Emerging market currencies, some of which hit decade-lows in 2014, will again face challenging conditions this year including falling oil prices and expected interest rate hikes in the U.S., according to a Reuters survey.

Strategists and economists polled by Reuters predicted that all major emerging market currencies except the Mexican peso will drop further in 2015. Declines may not be as steep as in 2014, however, because lower commodity prices and tighter monetary policy in the U.S. could already be factored into exchange rates.
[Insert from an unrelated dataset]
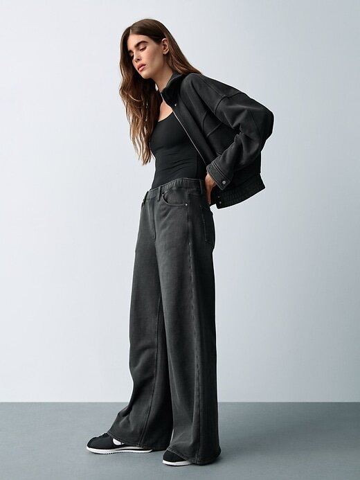 - Calça jeans baggy de moletom, macia e resistente, confeccionada em tecido french terry, com mistura de algodão.
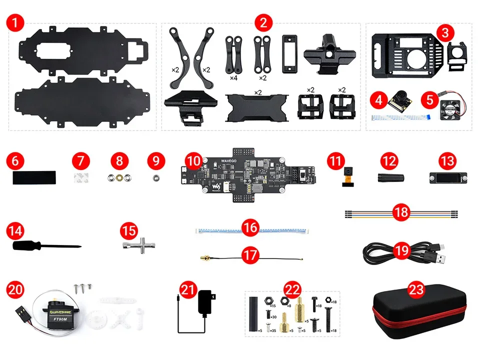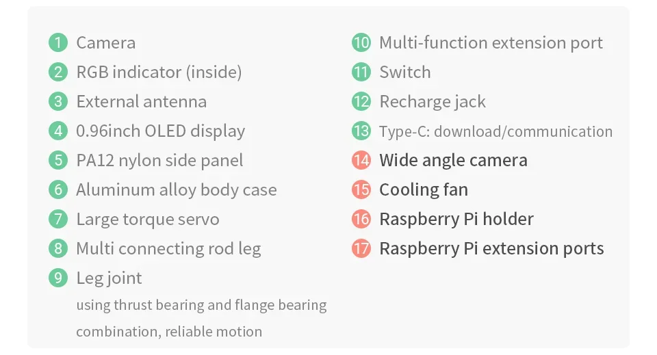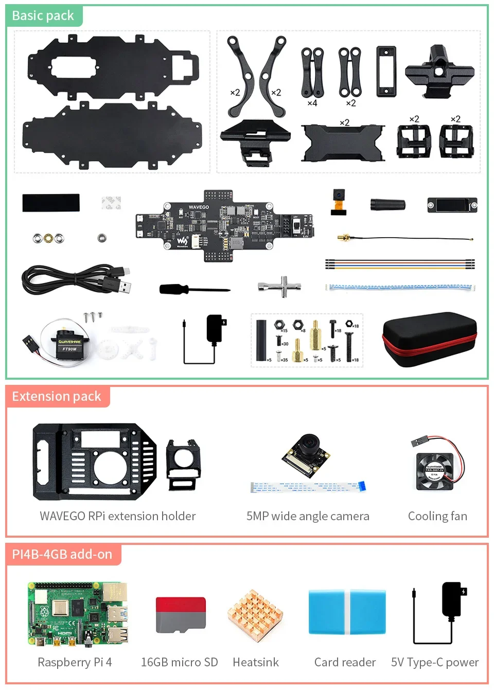 Se puede conectar Raspberry Pi adicional como controlador principal para habilitar funciones de alto nivel OpenCV, códigos de demostración que incluyen reconocimiento facial, detección de movimiento, seguimiento de colores y más.Interfaz de extensión reservada para desarrollo secundario, junto con manual de usuario y documentos de desarrollo secundario.

“The dichotomy between the monetary policy stances in the United States and the United Kingdom and those in Europe and Japan, coupled with falling commodity prices and a weaker Chinese growth and activity outlook, makes for a rather lethal cocktail for emerging-market currency risk,” Jeffrey Schultz, an economist with BNP Paribas Cadiz Securities, told Reuters.

The Brazilian real, the Turkish lira and the South African rand, which fell near or more than 10% in 2014, are expected to slide 1.5% through 2015. But some analysts believe emerging market currencies will actually strengthen later this year, especially if the U.S. Federal Reserve tightens monetary policy slowly.

“People will realize it would not be the end of the world, and then the currencies will regain some ground,” Cristiano Oliveira, an economist with Banco Fibra in Sao Paulo, told Reuters.

Reuters noted that some countries differ on their exposure to lower oil prices and on their intervention in currency markets. In Turkey, a country that is a net oil importer, cheaper fuel may help hold the currency around current levels through the first half of the year, according to the survey. And both Turkey and Mexico have stepped up market intervention recently, whereas Brazil has reduced currency swap sales.

The Russian ruble fell around 40% against the dollar last year amid falling oil prices and Western sanctions over Ukraine. The most pessimistic estimate among those surveyed by Reuters had it dropping another 30% in 2015.